* What this task involves
Copy the data exactly. Images are to be left out.

* Data section
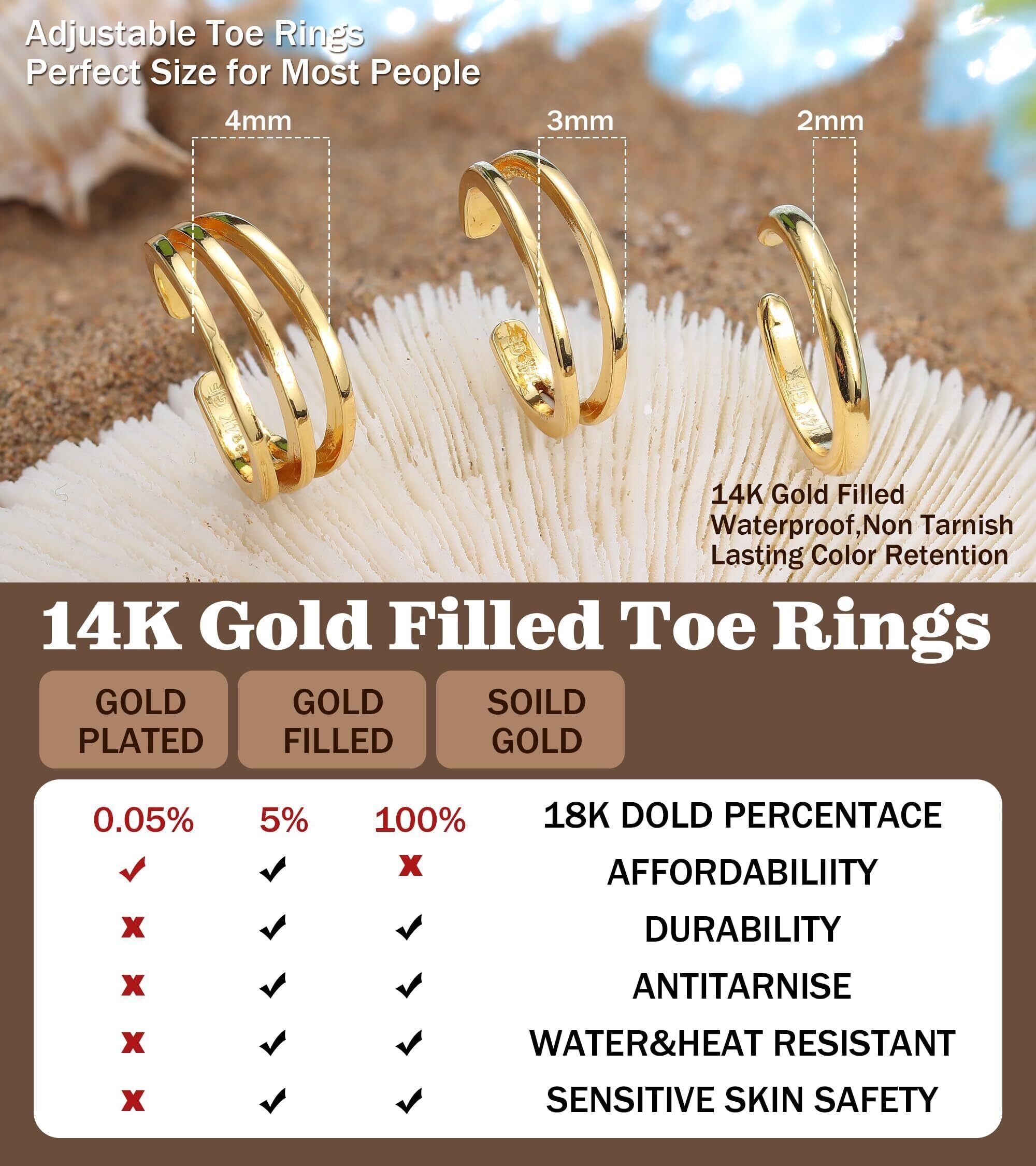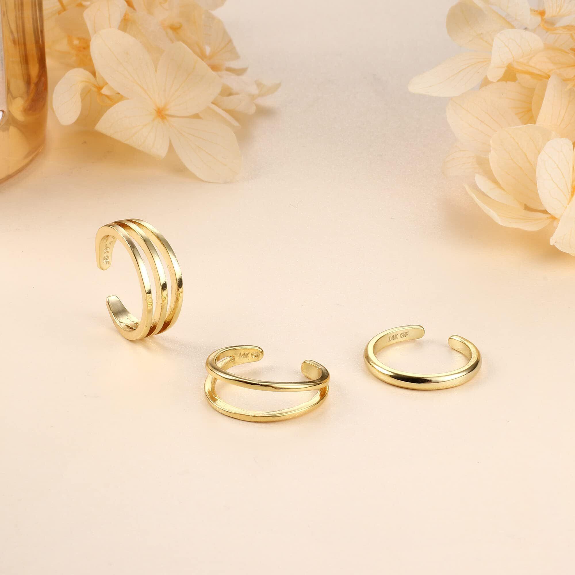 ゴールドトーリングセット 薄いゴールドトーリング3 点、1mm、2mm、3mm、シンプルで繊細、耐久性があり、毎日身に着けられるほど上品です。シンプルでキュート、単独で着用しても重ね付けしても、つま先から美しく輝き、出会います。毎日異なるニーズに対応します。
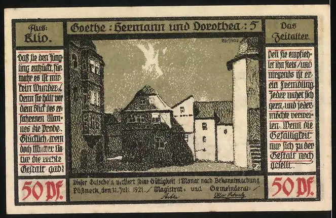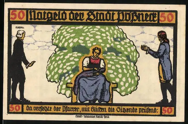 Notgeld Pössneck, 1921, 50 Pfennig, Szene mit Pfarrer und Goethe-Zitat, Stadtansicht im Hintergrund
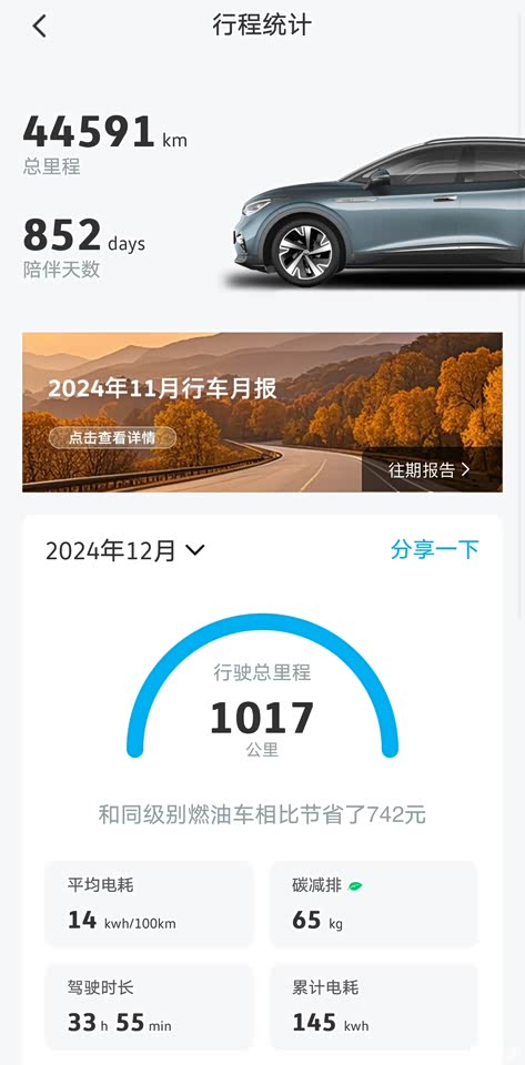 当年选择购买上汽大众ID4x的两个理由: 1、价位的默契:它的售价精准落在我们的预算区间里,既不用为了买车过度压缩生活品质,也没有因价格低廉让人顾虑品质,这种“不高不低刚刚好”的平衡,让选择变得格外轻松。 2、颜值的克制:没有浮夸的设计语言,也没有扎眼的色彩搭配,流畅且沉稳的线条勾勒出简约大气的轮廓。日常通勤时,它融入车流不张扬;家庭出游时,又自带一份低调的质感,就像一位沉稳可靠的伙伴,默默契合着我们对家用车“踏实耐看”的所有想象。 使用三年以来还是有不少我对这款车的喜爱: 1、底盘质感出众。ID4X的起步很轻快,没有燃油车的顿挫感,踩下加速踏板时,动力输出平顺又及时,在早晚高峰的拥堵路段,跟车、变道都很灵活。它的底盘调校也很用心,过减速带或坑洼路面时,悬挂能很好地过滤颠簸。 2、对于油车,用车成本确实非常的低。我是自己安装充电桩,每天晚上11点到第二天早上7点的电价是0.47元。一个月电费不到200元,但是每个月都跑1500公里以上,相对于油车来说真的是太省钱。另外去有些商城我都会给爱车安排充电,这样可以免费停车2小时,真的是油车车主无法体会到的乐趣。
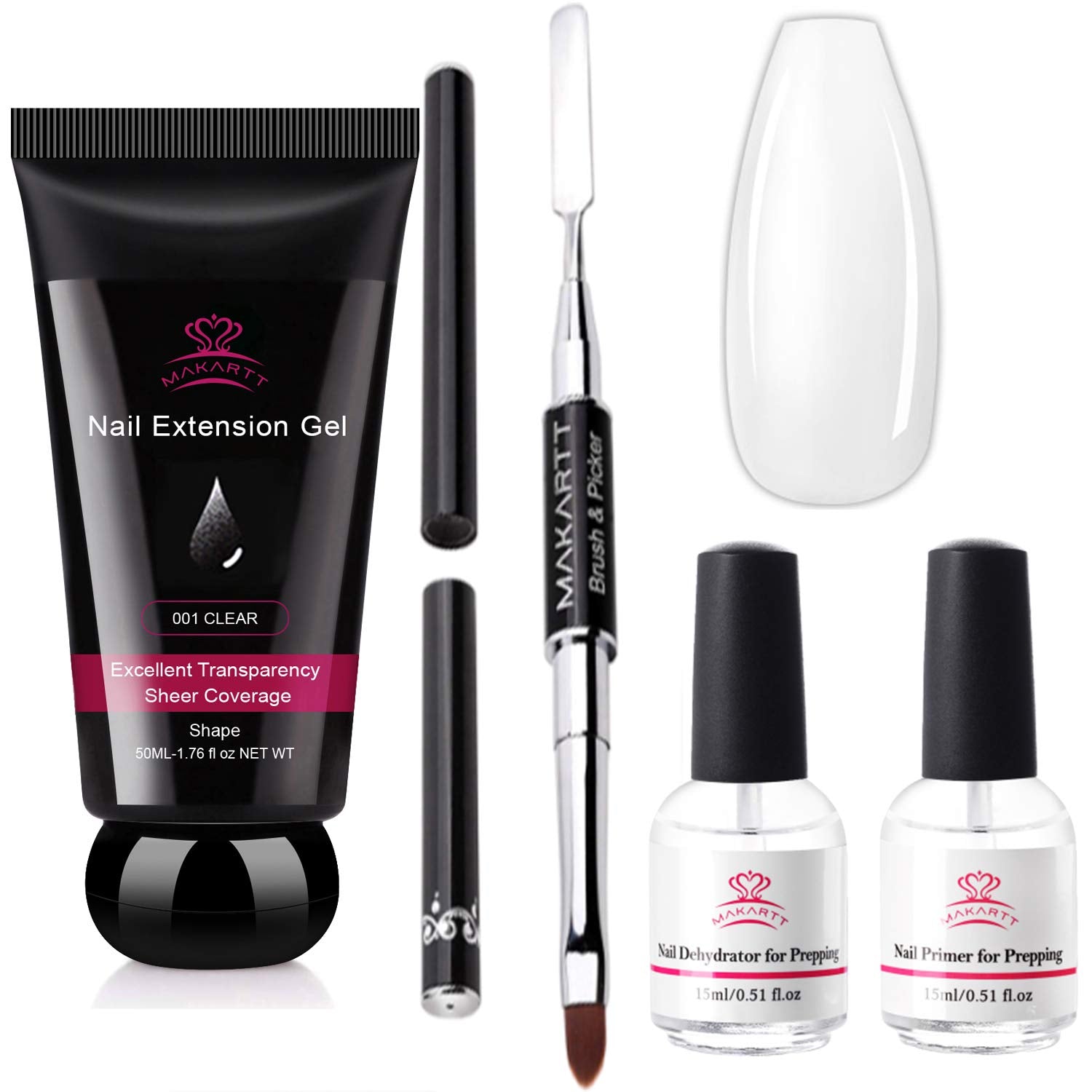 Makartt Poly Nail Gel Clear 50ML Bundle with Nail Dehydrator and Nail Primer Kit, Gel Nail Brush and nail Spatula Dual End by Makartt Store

* Answer box
 ゴールドトーリングセット 薄いゴールドトーリング3 点、1mm、2mm、3mm、シンプルで繊細、耐久性があり、毎日身に着けられるほど上品です。シンプルでキュート、単独で着用しても重ね付けしても、つま先から美しく輝き、出会います。毎日異なるニーズに対応します。
 Notgeld Pössneck, 1921, 50 Pfennig, Szene mit Pfarrer und Goethe-Zitat, Stadtansicht im Hintergrund
 当年选择购买上汽大众ID4x的两个理由: 1、价位的默契:它的售价精准落在我们的预算区间里,既不用为了买车过度压缩生活品质,也没有因价格低廉让人顾虑品质,这种“不高不低刚刚好”的平衡,让选择变得格外轻松。 2、颜值的克制:没有浮夸的设计语言,也没有扎眼的色彩搭配,流畅且沉稳的线条勾勒出简约大气的轮廓。日常通勤时,它融入车流不张扬;家庭出游时,又自带一份低调的质感,就像一位沉稳可靠的伙伴,默默契合着我们对家用车“踏实耐看”的所有想象。 使用三年以来还是有不少我对这款车的喜爱: 1、底盘质感出众。ID4X的起步很轻快,没有燃油车的顿挫感,踩下加速踏板时,动力输出平顺又及时,在早晚高峰的拥堵路段,跟车、变道都很灵活。它的底盘调校也很用心,过减速带或坑洼路面时,悬挂能很好地过滤颠簸。 2、对于油车,用车成本确实非常的低。我是自己安装充电桩,每天晚上11点到第二天早上7点的电价是0.47元。一个月电费不到200元,但是每个月都跑1500公里以上,相对于油车来说真的是太省钱。另外去有些商城我都会给爱车安排充电,这样可以免费停车2小时,真的是油车车主无法体会到的乐趣。
 Makartt Poly Nail Gel Clear 50ML Bundle with Nail Dehydrator and Nail Primer Kit, Gel Nail Brush and nail Spatula Dual End by Makartt Store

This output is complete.